Transfection of thymidine phosphorylase cDNA to human hepatocellular carcinoma cells enhances sensitivity to fluoropyrimidine but augments endothelial cell migration.

作者信息

Zhou Jian, Xiao Yong-Sheng, Tang Zhao-You, Fan Jia, Wu Zhi-Quan, Zhao Yan, Xue Qiong, Shen Zao-Zhuo, Liu Yin-Kun, Ye Sheng-Long

机构信息

Liver Cancer Institute and Zhongshan Hospital, Fudan University, Shanghai, 200032, People's Republic of China.

出版信息

J Cancer Res Clin Oncol. 2005 Aug;131(8):547-51. doi: 10.1007/s00432-005-0669-9. Epub 2005 Apr 30.

Abstract

PURPOSE

To investigate the effects on sensitivity to fluoropyrimidine and endothelial cell (EC) migration by transfection with thymidine phosphorylase (TP) cDNA to a hepatocellular carcinoma (HCC) cell line SMMC-7721.

METHODS

SMMC-7721 was transfected with pcDNA3.1/zeo (+) with human TP cDNA. TP mRNA expression was determined by RT-PCR. Sensitivity to fluoropyrimidine was determined by 3-[4,5-dimethylthiazol-2-yl]-2, 5-diphenyl-tetrazolium bromide (MTT) assay.
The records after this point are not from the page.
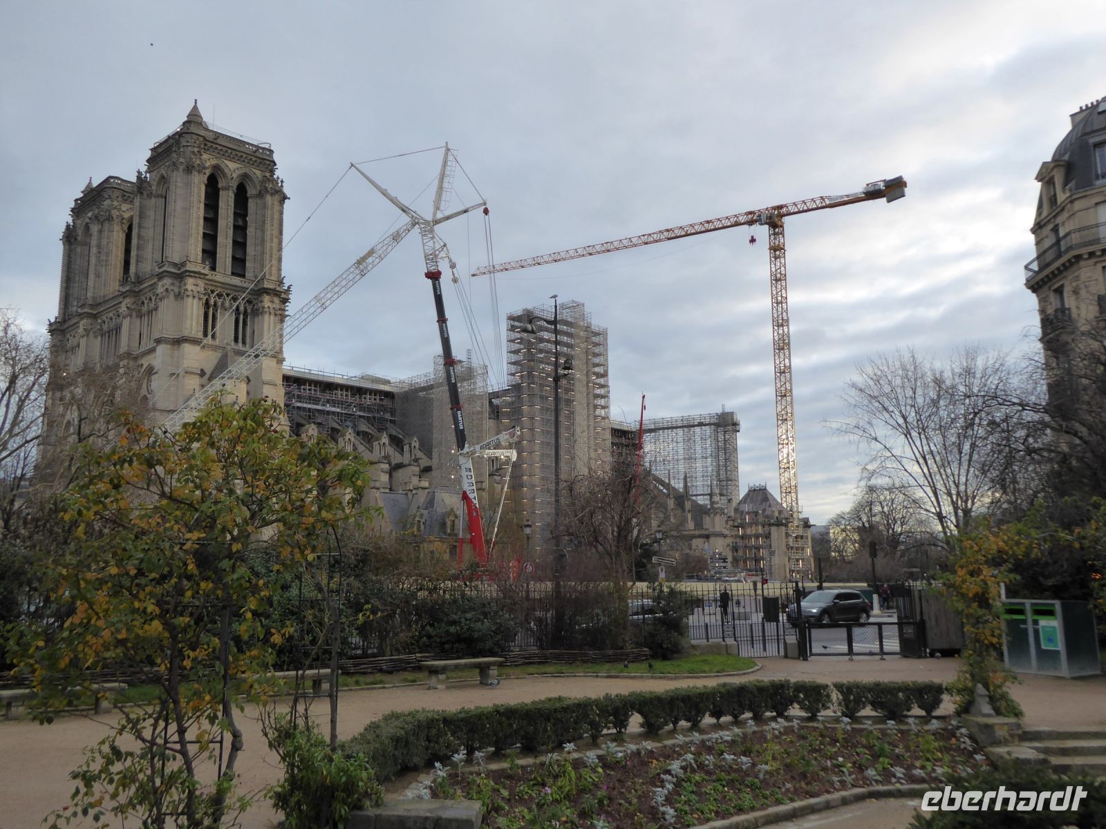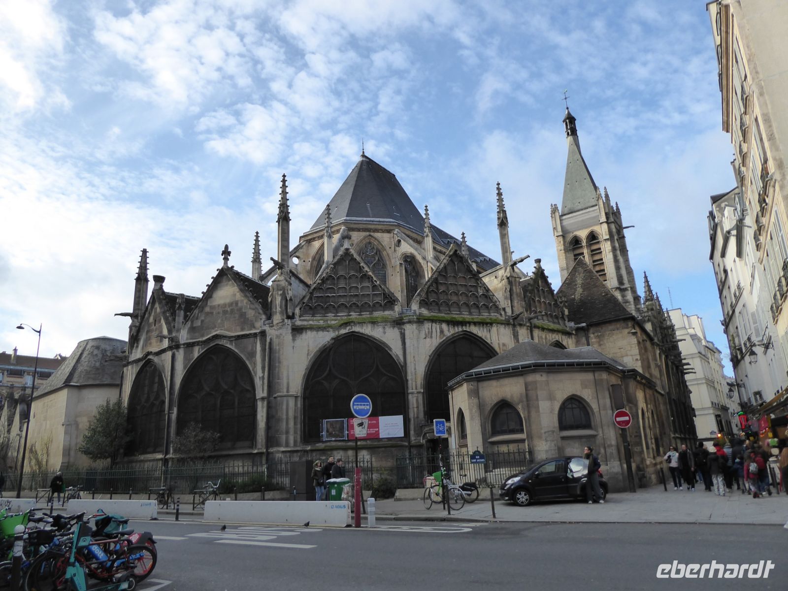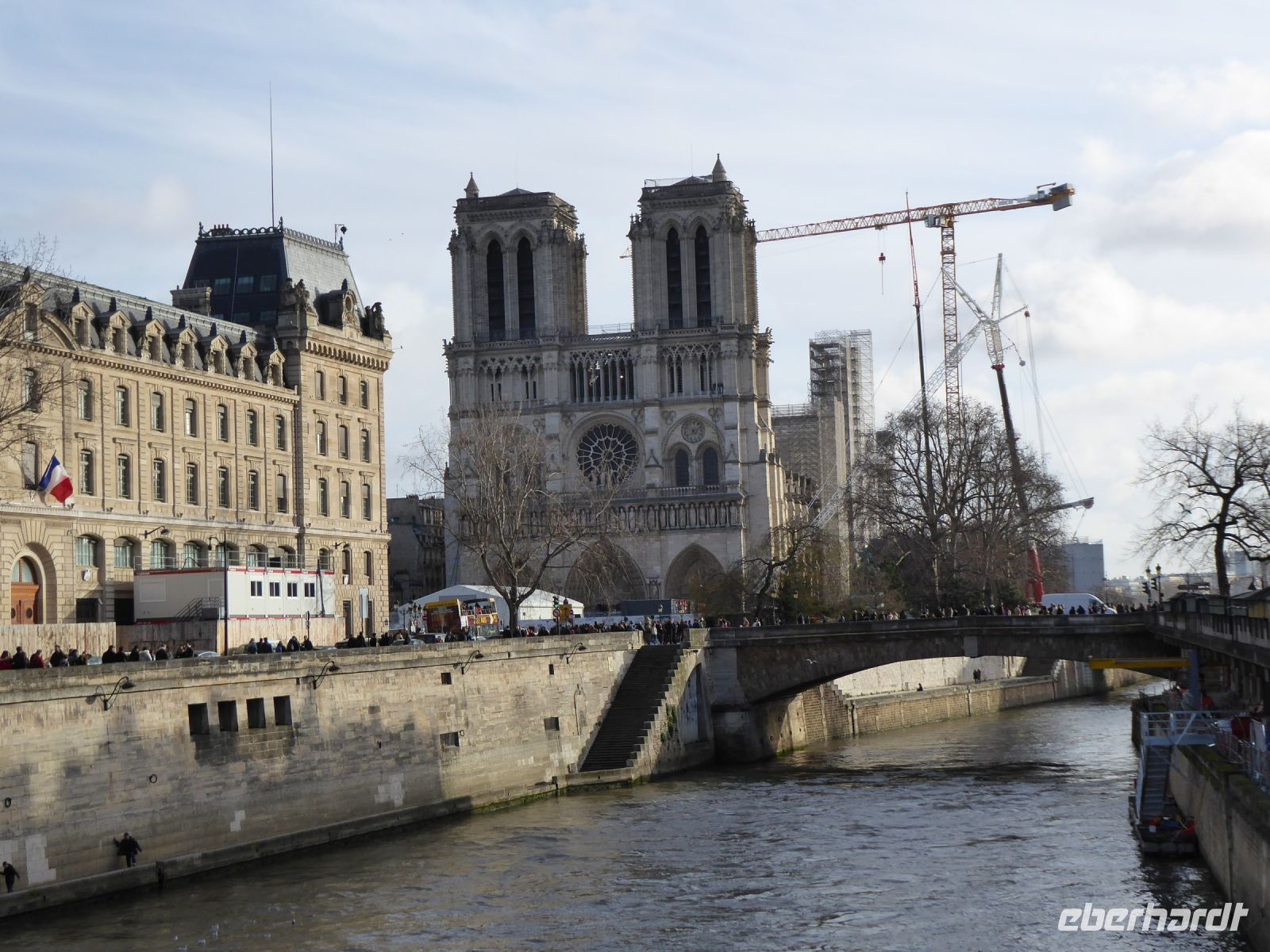 Gerade mal zwei Stunden ist man mit dem TGV oder dem ICE von Saarbrücken nach Paris unterwegs und so ist unsere erste Reisegästin aus dem Saarland, die gemeinsam mit mir, Gabriele, ihrer Reiseleitung für die kommenden Tage, angereist war, schon am späten Vormittag in unserem gemütlichen Boutique Hotel St. Paul Rive Gauche eingetroffen. Das herrliche Wetter lockte uns gleich wieder nach draußen. Wir spazierten durch die belebten Straßen des 6. Arrondissement hinunter zur Seine und warfen einen ersten Blick auf Nôtre-Dame. Vor der Fontaine Saint Michel war ein kleiner Weihnachtsmarkt aufgebaut. In den roten Hütten lockten verführerische Angebote. Doch zuerst mussten noch die Métro Tickets gekauft und die Reservierung in unserem Restaurant für den heutigen Abend bestätigt werden. Zum Jahresende kommen Tausende Touristen aus aller Welt nach Paris und so sind nicht nur die Straßen und Plätze voller Menschen, sondern auch die Lokale und Cafés. In Erwartung unserer Fluggäste, die mit der Air France von Berlin aus anreisten, kehrten wir in einem winzigen Lokal, Le Fournil, am Ende unserer Straße ein. Wenige Minuten nachdem eine leckere, echt bretonische Galette vor uns stand, klingelte auch schon das Telefon: das Hotel vermeldete die Ankunft unsere ersten Fluggäste. Da auch sie, nach einem sehr frühen Frühstück, ein Hungergefühl hatten, entschieden wir kurzerhand, in den kleinen Imbiss zurückzukehren. Gestärkt mit den typischen, aus Buchweizenmehl hergestellten kräftigen Galettes, machten wir uns dann das schöne Wetter zu Nutze und spazierten gemeinsam den Boulevard St. Michel hinunter, vorbei an den Resten einer antiken römischen Thermenanlage, über der die Mönche aus Cluny ihren prächtigen Stadtsitz errichtet hatten, ins belebte Quartier Latin. In einer der engen Gassen bewunderten wir die leckeren Angebote in einer Pâtisserie sowie die vor den Restaurants ausgestellten Meeresfrüchte und statteten der Kirche St.Severin mit ihren wunderschönen modernen Glasfenstern einen kurzen Besuch ab. Vorbei am Theater La Huchette und der legendären Buchhandlung Shakespeare & Company erreichten wir den kleinen Park Viviani, in dem der älteste Baum von Paris zu bewundern ist. Dieser sei im Jahr 1601 von Jean Robin, dem Hofgärtner Heinrichs IV gepflanzt worden. Zu dessen Ehre wurde danach die Baumart `Robinie´ genannt. Von hier aus hat man die schönste Aussicht auf die Kathedrale Nôtre-Dame de Paris, deren beiden imposanten Türme 69 Meter in die Höhe ragen. Der für die Kirche charakteristische, fast 100 Meter hohe Dachreiter, la flêche, wurde nach 160 Jahren, bei dem verheerenden Brand in der Osternacht 2019 ein Raub der Flammen. Die Restaurierungsarbeiten an dem Gotteshaus gehen zügig voran, soll doch die Kathedrale mit dem Beginn der Olympischen Spiele in Paris wieder in alter Pracht erstrahlen. Wir bummelten entlang der Ufermauern der Seine vorbei an den prall mit Büchern und allerlei Krimskrams gefüllten grünen Verkaufsboxen der Bouquinistes und stöberten in den verlockenden Angeboten. Auf der Spitze der Île de la Cité befindet sich seit 1962 das Mémorial des Martyrs de la Déportation, eine bedrückende Anlage, die auf das Schicksal zig Tausender Opfer der Nazizeit aufmerksam macht. Auf einer der zahlreichen Brücken genossen wir den Blick auf die sonnenbeschienenen Häuserfassaden des Rive Droite, dem rechten Ufer der Seine mit seinen imposanten Gebäuden: dem Rathaus von Paris, dem Tour St. Jacques und den beiden Theaterbauten an der Place du Châtelet. Zurück im Hotel blieb uns nach dem Check-in noch ein wenig Zeit zum Ausruhen, bevor wir uns auf den Weg ins Restaurant ´Le Procope`, einem der ältesten Restaurants der Welt, machten. Mit einem leckeren Kir überbrückten wir die Zeit, bis auch unsere letzten Gäste, deren Flug noch mit einer extra Stunde Verspätung aufwartete, endlich ihr Ziel erreichten. Nun war unsere Reisegruppe mit insgesamt acht Personen komplett. Und dort, wo einst Philosophen, Politiker und Künstler über Gott und die Welt diskutierten, genossen wir, gemäß der Geschichte des Lokals, das `Menu Philosophe`. Wir ließen uns getrüffelte Champignoncrème, Enten Pâté, Kabeljau in Chablis Sauce und zum Dessert Baba au Rhum oder Panna cotta aux Mirabelles schmecken.
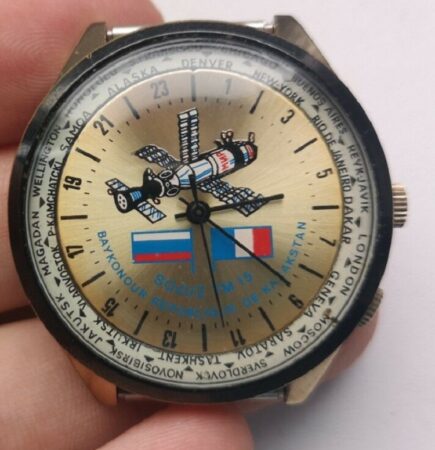 La mission Soyouz TM-15 date de la mi-1992. Le cadran porte déjà le drapeau russe mais la lunette intérieure mentionne « Sverdlovsk » alors que la ville a été rebaptisée « Ekateninbourg » fin 1991. Le mécanisme a aussi des marquages « soviétiques » (SU)
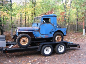 I envied the previous owner’s ability to restore the 1946 CJ2A and I started thinking it would be a fun project. So, I kept an eye out for a project jeep. It didn’t take long when an article appeared in our local newspaper (Wisconsin State Journal) about a vacation resort in Eagle River. The article included a photo showing some resort guests – a mother and her young daughter- sitting on the hood of a CJ2A in the middle of the woods! The jeep looked to be in pretty good shape from what the photo showed. So, I got the phone number for the resort, called, and eventually got connected with the jeep’s owner. We talked over the phone a couple times and I eventually went to look at it. The body was much rougher than the photo showed, with lots of rust, dents, and holes in the floor. Also, it wasn’t running. But, the frame looked very solid, and everything seemed to be there. My dad, who’d tagged along to see what I was getting myself into, took one look the jeep and did an about-face. He thought it was too far gone. I decided to make and offer any ways and wound up hauling it home. My father and I started working on the motor and we got it running within a few weeks time. In fact, I recently took the jeep for a spin with no brakes or seats down my street! To my amazement, it seemed to shift smoothly and handled well. This is the blue jeep shown with a hard top.
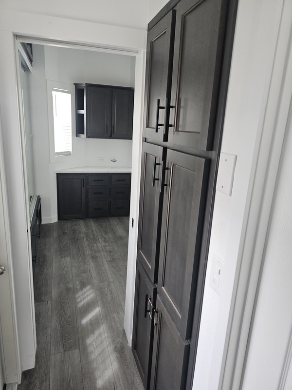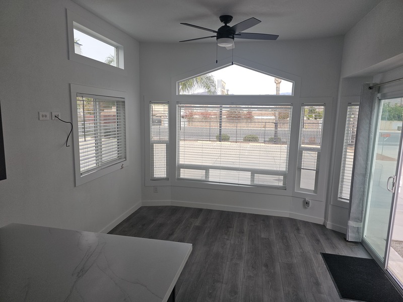 Large front living rm., dining bay area, alley galley kitchen w/breakfast bar, side bath, rear queen sized bedroom, sleeps 4
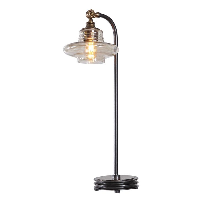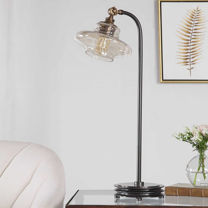 A shapely, amber colored glass globe is supported by a curved, black metal base, displayed on a unique cast iron foot with plated antique brass accents.
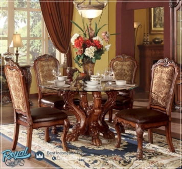 Meja Makan Bulat Mewah Jepara – Adalah desain meja makan klasik terbaru dengan desain antik dengan ukiran mebel jepara asli di lengkapi dengan meja makan bulat 4 kursi model ukir klasik yang sangat megah dan elegan sangat cocok untuk ruang makan mewah anda, produk furniture jepara terbaru ini kami menggunakan bahan Kayu Jati TPK Perhutani (Grade A) yang sudah kami seleksi kekuatan dan kekeringan pada bahan kayu tersebut sehingga kayu benar-benar layak untuk di produksi, di kerjakan dan di ukir langsung (Handmade) oleh pengrajin mebel jepara yang sudah piawai dan handal pada bidangnya sehingga memeberikan produk meja makan jati terbaru dengan kualitas terbaik.
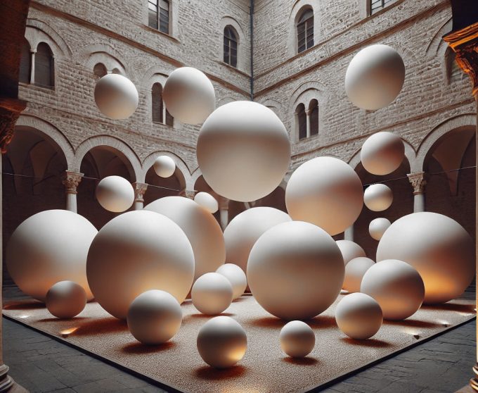 L’installazione si sviluppa nello spazio suggestivo di Palazzo Gualtiero, dove grandi sfere dalle forme, fluide e leggere, ci spingono oltre…
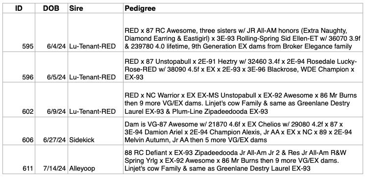 This pertains to choices that are due throughout 2025! In addition there are choices of calves that are already on the ground, but are younger than the standard four months of age.
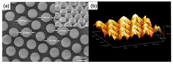 The PS sphere arrays were fabricated by the self-assembly technique at the air/water interface. The main steps of the process are shown in Figure 1 and include (i) filling the beaker with deionized water and adding the PS sphere suspensions mixed with 66% ethanol to the air/water interface along the beaker wall; (ii) ultrasonic concussion using 40 W power to assist the self-assembly of PS spheres; (iii) adding the proper amount of surfactant (SDS) to the water along the other side of beaker wall; and (iv) transferring the self-assembly monolayer of PS spheres onto the substrate. The URPS arrays were formed by reactive ion etching (RIE) with oxygen (O2) gas. The gas flow rate was 10 sccm, the radio frequency (RF) was 13.56 MHz, and the power (bottom electrode) was 40 W. Finally, a 20 nm Au film was coated by sputter deposition onto PS sphere and URPS arrays. Au has a high surface energy and adsorptive force with molecules to adsorb more molecules, so Au was used as a deposit on the surface of PS sphere and URPS arrays [30]. A scanning electron microscope (SEM, S-5500, HITACHI, Tokyo, Japan) was used to determine the characteristics of the surface of the SERS substrates and an atomic force microscope (AFM, multimode 8, Bruker, Billerica, MA, USA) was used to analyze the morphology of the SERS substrates.
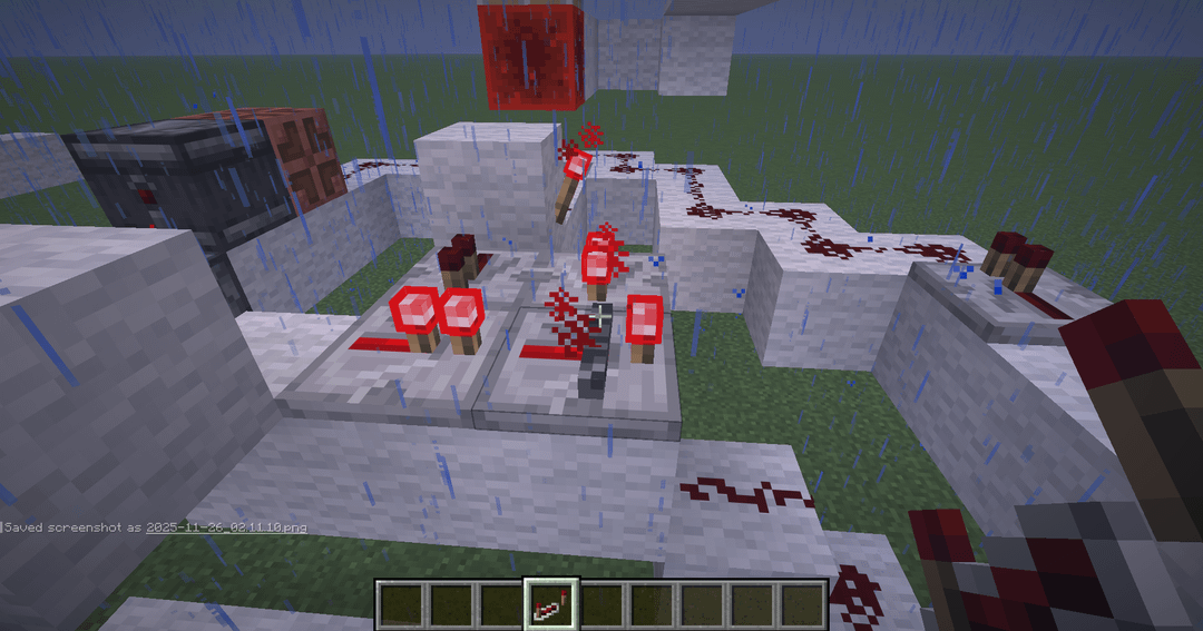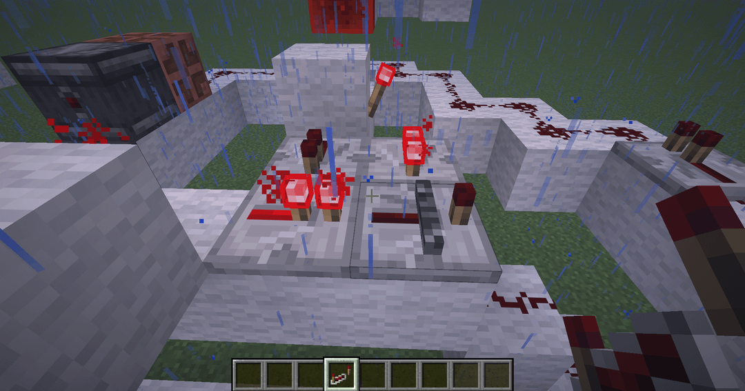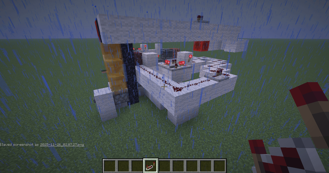 I'm trying to make a device that lights or breaks a nether portal with the press of a button depending on an on/off switch, but the switch is broken. One of the repeaters stays on when it shouldn't, and I can figure out why. Hope someone can help.

Induction of EC migration was detected by Boyden chamber assay.

RESULTS

The construction of pcDNA3.1/zeo(+)-TP was verified by digestion with restriction endonuclease Apa1. When comparison was made between SMMC-7721 cell clone transfected with pcDNA3.1/zeo(+)-TP (S-TP) and control clone transfected with pcDNA3.1/zeo(+) (S-vector), we found that TP mRNA expression level was much higher in S-TP, being 2.09+/-0.16 vs 0.48+/-0.06 in S-vector (P < 0.01), sensitivity to 5'-deoxy-5-fluorouridine (5'-dFUrd, a prodrug of 5-fluorouracil) in S-TP was significantly enhanced compared with that in S-vector (IC(50); 56.81+/-9.85 micromol/l vs 162.25+/-11.03 micromol/l, P < 0.01), and the culture medium of S-TP possessed more potential to induce EC migration than that of S-vector (the number of ECs appearing on the outer surfaces of the membrane was 275+/-29 vs 122+/-35 per field, P < 0.01).

CONCLUSION

Sensitivity to 5'-dFUrd could be enhanced by transfection with TP cDNA for SMMC-7721 cells. However, EC migration was also promoted at the same time. Therefore, transfection with TP alone might have no potential to enhance anti-tumoral effects of fluoropyrimidine in HCC.

摘要

目的

通过将胸苷磷酸化酶(TP)cDNA转染至肝癌细胞系SMMC-7721,研究其对氟嘧啶敏感性及内皮细胞(EC)迁移的影响。

方法

用携带人TP cDNA的pcDNA3.1/zeo(+)转染SMMC-7721。通过逆转录聚合酶链反应(RT-PCR)测定TP mRNA表达。用3-[4,5-二甲基噻唑-2-基]-2,5-二苯基溴化四氮唑(MTT)法测定对氟嘧啶的敏感性。用Boyden小室法检测EC迁移的诱导情况。

结果

用限制性内切酶Apa1酶切验证了pcDNA3.1/zeo(+)-TP的构建。当比较用pcDNA3.1/zeo(+)-TP转染的SMMC-7721细胞克隆(S-TP)和用pcDNA3.1/zeo(+)转染的对照克隆(S-载体)时,我们发现S-TP中TP mRNA表达水平高得多,分别为2.09±0.16和0.48±0.06(S-载体,P<0.01),S-TP对5'-脱氧-5-氟尿苷(5'-dFUrd,5-氟尿嘧啶的前体药物)的敏感性与S-载体相比显著增强(半数抑制浓度(IC50);56.81±9.85μmol/L对162.25±11.03μmol/L,P<0.01),且S-TP的培养基比S-载体的培养基具有更强的诱导EC迁移的潜力(膜外表面出现的EC数量为每视野275±29对122±35,P<0.01)。

结论

转染TP cDNA可增强SMMC-7721细胞对5'-dFUrd的敏感性。然而,同时也促进了EC迁移。因此,单独转染TP可能没有增强氟嘧啶对肝癌的抗肿瘤作用的潜力。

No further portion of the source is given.